____ Supplied material

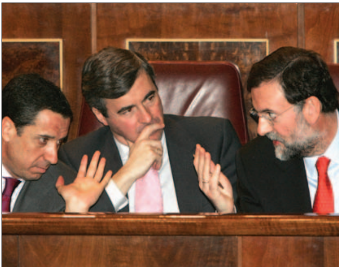
Zaplana, Acebes y Rajoy, en un momento del Debate

Desde luego, por apartarnos de ningún tipo de negociación con la banda.
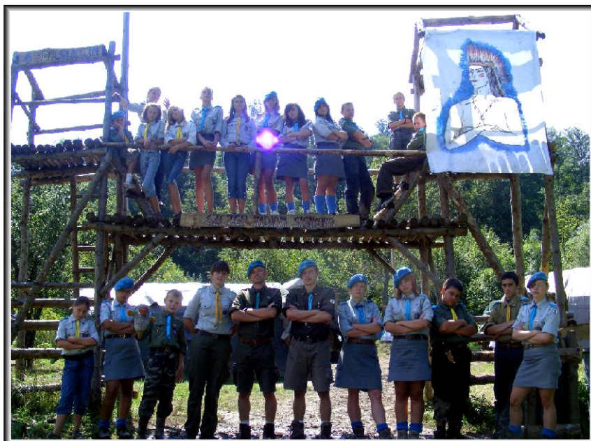
W bramie obozowej

W ciągu dwóch tygodni wspólnego działania i podsumowywania roku harcerskiego 4 S.D.H. „S.E.K.C.J.A.” zorganizowała kilka ognisk harcerskich i nie tylko na których gościliśmy innych harcerzy m.in. z Torunia i Sierpca oraz kadrę zgrupowania. W ciągu dnia druhni i druhowie uczyli się w ciekawy sposób podstawowych technik harcerskich, były więc zajęcia z symboliki i struktury, pierwsza pomoc czyli samarytanka, jak również zajęcia z musztry. Harcerze zapoznali się także z Prawem i Przyrzeczeniem harcerskim. Nie zabrakło także technik które mogą każdemu przydać się w codziennym życiu, było więc terenoznawstwo - nauka posługiwania się busola i kompasem, poruszanie się z mapą, określanie kierunków i zajęcia z pionierki- budowanie kuchni polowej, układanie ognisk, budowanie szałasów itp. Ponadto harcerze uczestniczyli w kilku grach terenowych, które podrasowały ich jako obserwatorów, nauczyły skradać się i w ciekawy sposób wykorzystywać swój spryt i odwagę; przy okazji oczywiście było wiele zabawy i radości podczas maskowania się, czołgania i biegania po górach. Podczas zajęć z szycia każdy wyszył sobie pagony drużyny i imię alfabetem morsa na mundurze. Na zajęciach z braterstwa wszyscy obsypywali siebie miłymi słowami i wydobywali z siebie i innych wiele pozytywnych cech, a na zajęciach
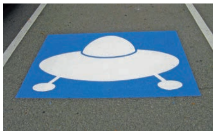
Außerirdisch: Jens Andres legt Parkplätze für Besucher an, die von weither kommen. Schon beim Frühlingsfest werden sie landen können.

bilder menschengemachte Geschichten erzählen. Aus Freude über den schönen Ausstellungsort hat die Bildhauerin direkt am Campus ein weiteres Kunstwerk geschaffen: Aus 80 Jahre alten Bordsteinen, die vom Gelände des Campus Westend stammen und die sie für diesen Zweck bearbeitete, errichtete sie die 57 Meter lange Stelenreihe »Steinfuge«, die auf den Wissenschaftsgarten zuführt.
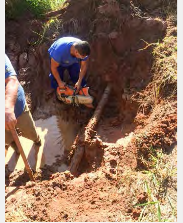
Equipe do Daae fez conserto na tubulação em trecho da estrada Rio Claro-Ajapi
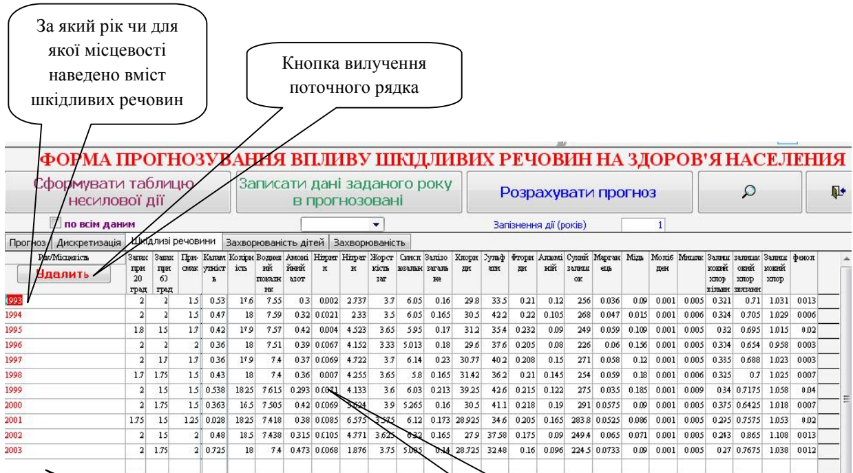
Рис. 2. Форма ведення інформації щодо вмісту шкідливих речовин
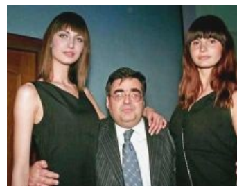
Он — альфа-самец , а ты — неудачник .
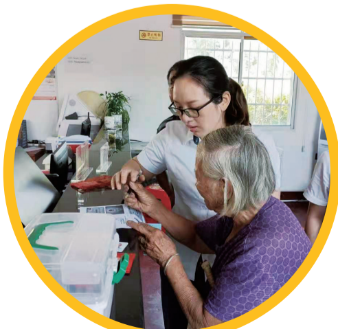
▲株洲珠江农商银行工作人员为老年人提供金融服务。
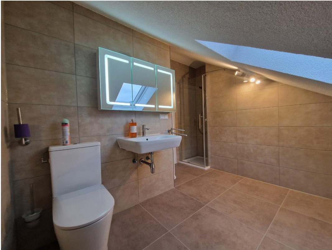
Bad DG - Bild 1
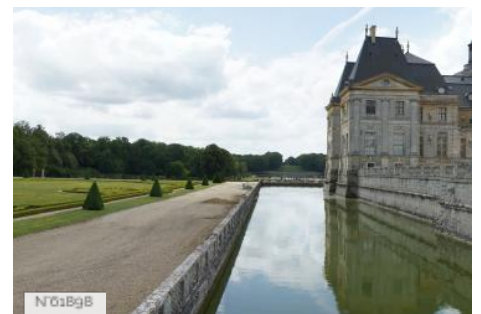
Château de Vaux-le-Vicomte - Jardins à la Française
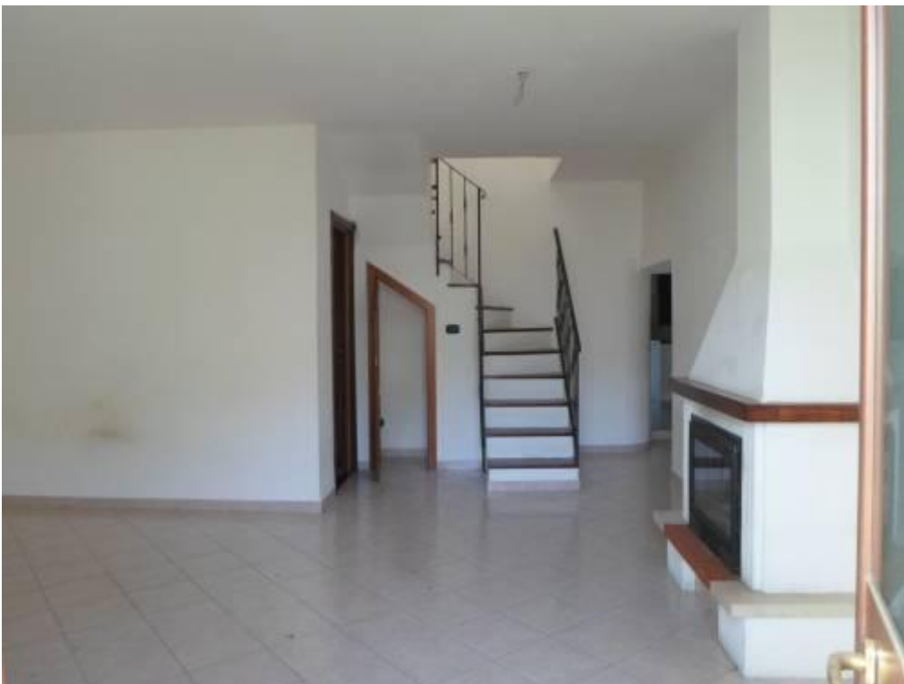
FOTO N. 6 Ulteriore vista del soggiorno.
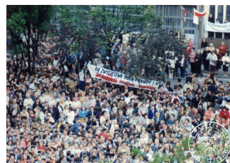
Tłum wiernych na Skwerze Kościuszki w Gdyni w czasie
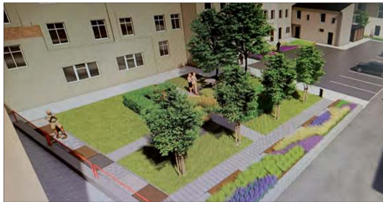
Podwórko przy ul. Klasztornej

Zakres inwestycji obejmuje kilka lokalizacji, dobrze znanych mieszkańcom miasta. Największe zmiany czekają plac zabaw przy ul. Szpitalnej, gdzie pojawią się nowe urządzenia do zabawy, bezpieczna nawierzchnia oraz elementy małej architektury. To miejsce po modernizacji ma stać się przyjazną przestrzenią zarówno dla najmłodszych, jak i ich opiekunów.
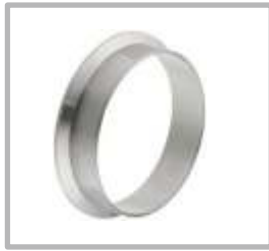
FERULA LARGA CLAMP
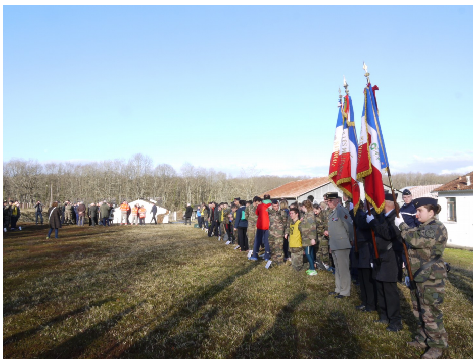
@DMD de la Charente - Rallye citoyen 2018

Secrétariat : nathalie.ramounet@intradef.gouv.fr / 05.45.22.86.76
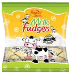
Cukierki Krówka mleczna Fudges Milk 200 g S01100000154
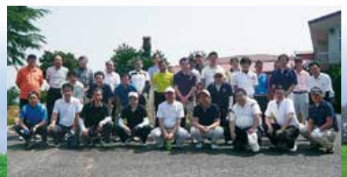
当日ご参加頂いた皆様
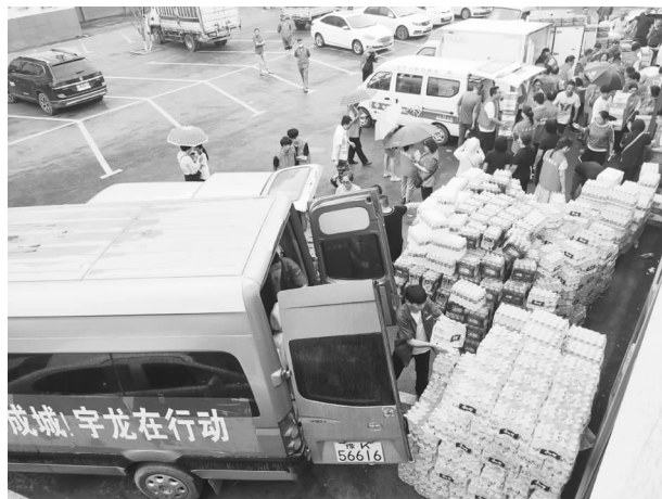
“7.20”水灾企业捐赠现场

【社会责任】 3月5日，长葛市举办首届“新时代文明实践推动周”暨学雷锋志愿服务月活动启动仪式。长葛市工商联（总商会）宣传、组织14家会员企业进行捐款，共捐金额4.7万元。6月4日，在长葛市2021年“学党史办实事”“爱心助考”新时代文明实践公益活动启动仪上，市汽摩协会、金桥商会、建筑机械商会、蜂产品协会、食品安全与行业发展协会共向“爱心助考”活动捐赠太阳帽、保温杯、矿泉水等价值27600元。6月5日，市工商联联合市青年创新创业联合会和市顶墙装饰材料协会为长葛市一高的考生送去矿泉水200件，价值5000元。高考期间，卫浴贸易商会免费为考生家长提供休息场所。7月20日，长葛水灾发生后，长葛市工商联第一时间发出企业互助自救倡议，并积极组织广大企业和商会进行防汛救灾捐助，先后组织11批次价值1370万元救灾物资和现金捐赠到受灾镇、村，充分展现互助的葛商精神。
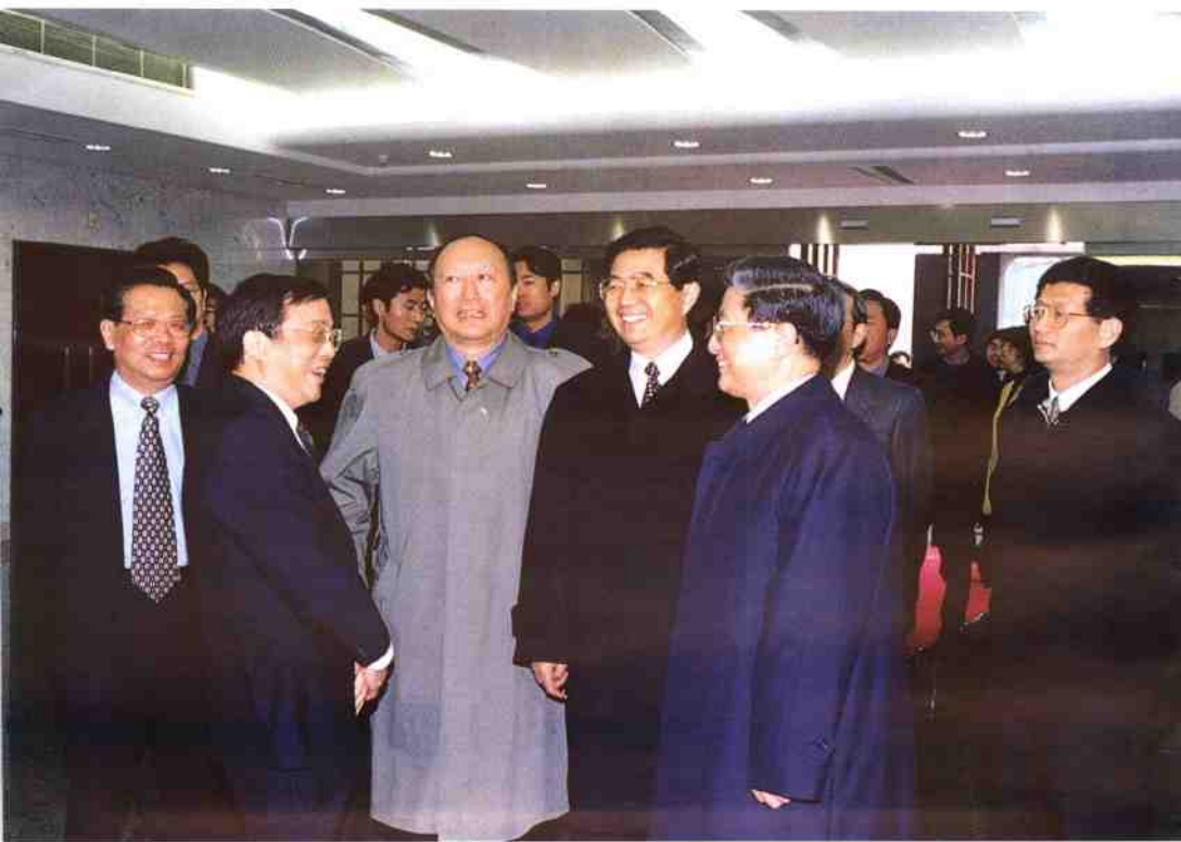
2000年11月14日，中共中央政治局常委，国家副主席胡锦涛在中共中央政治局委员，上海市委书记黄菊，市长徐匡迪，市委副书记孟建柱，龚学平，刘云耕等陪同下参观了中共“一大”会址纪念馆的基本陈列。
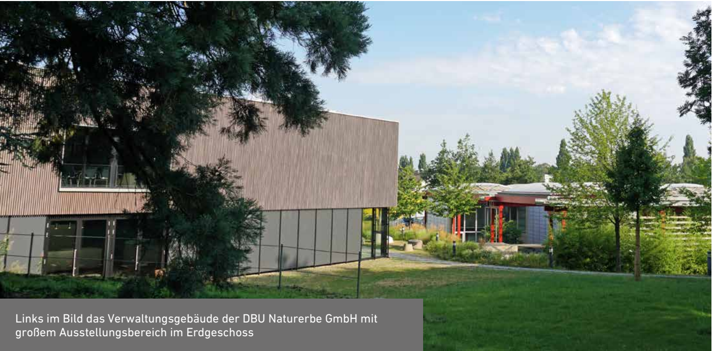
Links im Bild das Verwaltungsgebäude der DBU Naturerbe GmbH mit großem Ausstellungsbereich im Erdgeschoss
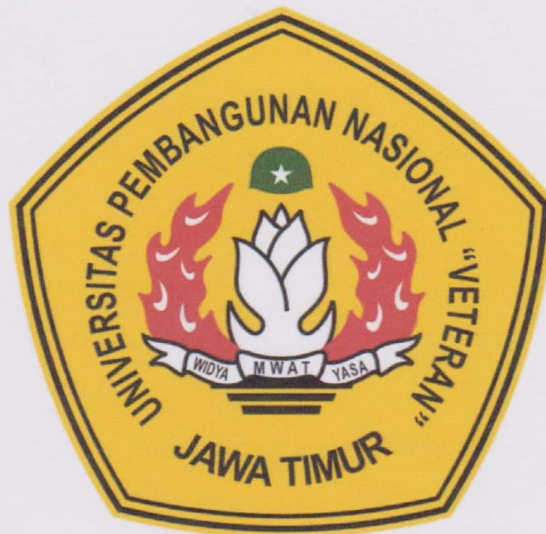
Gambar 2. 1 UPN Veteran Jawa Timur
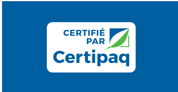
FOND BLEU CERTIPAQ
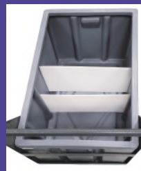
第二级、第三级过滤板
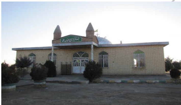
شکل (۲) زیارتگاه تاج الدین علی واقع در روستای قیچاق در دهستان مرحمت آباد شمالی

بازسازی آن با مساعدت شجاع الدوله حاکم مراغه در اواخر قاجار که به دست مردم منطقه بصورت بقعه‌ای چهارگوش با گنبد دوار از آجرپخته ساخته شده است (شکل ۲). زیارتگاه تاج الدین علی، مبین قدمت هزاران ساله است. بررسی‌ها نشان می‌دهد بطور متوسط ماهانه حدود ۲۴۰۰ نفر گردشگر از شهرها و روستاهای دور و نزدیک به این مکان مقدس مراجعه می‌کنند (اداره اوقاف شهرستان میاندوآب، ۱۳۹۲).
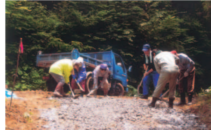
砂利をしいて参道を整備

屋根は全体的に改修を行い、その資材を運ぶために作った道路を参道として整備。訪れる人にも、守り伝える地元の人にも優しい遺産になりました。
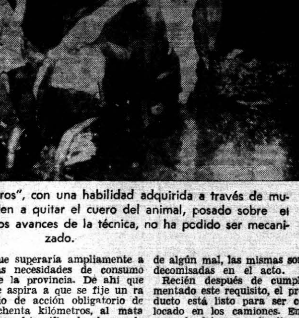
UN OFICIO — Los "matambros", con una habilidad adquirida a través de muchos años de práctica, proceden a quitar el cuero del animal, posado sobre el catre. Ese oficio, a pesar de los avances de la técnica, no ha podido ser mecanizado.

Después de un lapso de tres a cinco horas, ponga a disposición de los matarifes, abastecedores, carniceros, toda la carne vacuna que debe consumirse una población de algo más de cien mil habitantes.
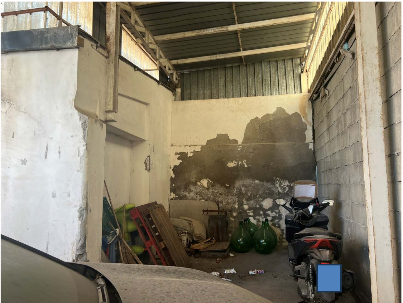
Foto 17 – Vista dell'area di corte coperta da tettoia metallica – p.lla 1075
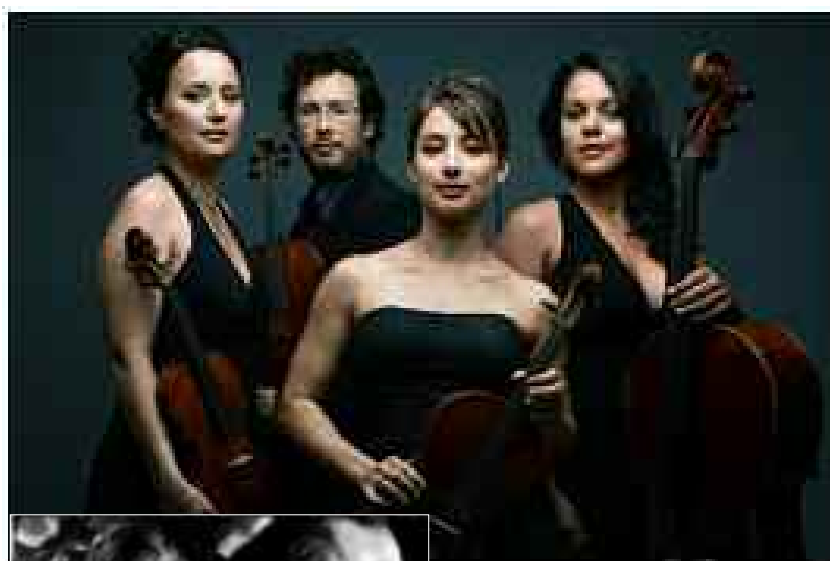
Juin 2015 : Le quatuor PSOPHOS. « Une des meilleures jeunes formations à cordes d'Europe » selon le Times.

C Malavoy : Absolument. Les deux évènements suivants sont d'ores et déjà planifiés pour 2015 (les dates seront communiquées ultérieurement).

________

* [Your instructions]: In the records above, locate the lines holding the word "الدین". Copy each of them.

* [Output for this task]:
شکل (۲) زیارتگاه تاج الدین علی واقع در روستای قیچاق در دهستان مرحمت آباد شمالی
بازسازی آن با مساعدت شجاع الدوله حاکم مراغه در اواخر قاجار که به دست مردم منطقه بصورت بقعه‌ای چهارگوش با گنبد دوار از آجرپخته ساخته شده است (شکل ۲). زیارتگاه تاج الدین علی، مبین قدمت هزاران ساله است. بررسی‌ها نشان می‌دهد بطور متوسط ماهانه حدود ۲۴۰۰ نفر گردشگر از شهرها و روستاهای دور و نزدیک به این مکان مقدس مراجعه می‌کنند (اداره اوقاف شهرستان میاندوآب، ۱۳۹۲).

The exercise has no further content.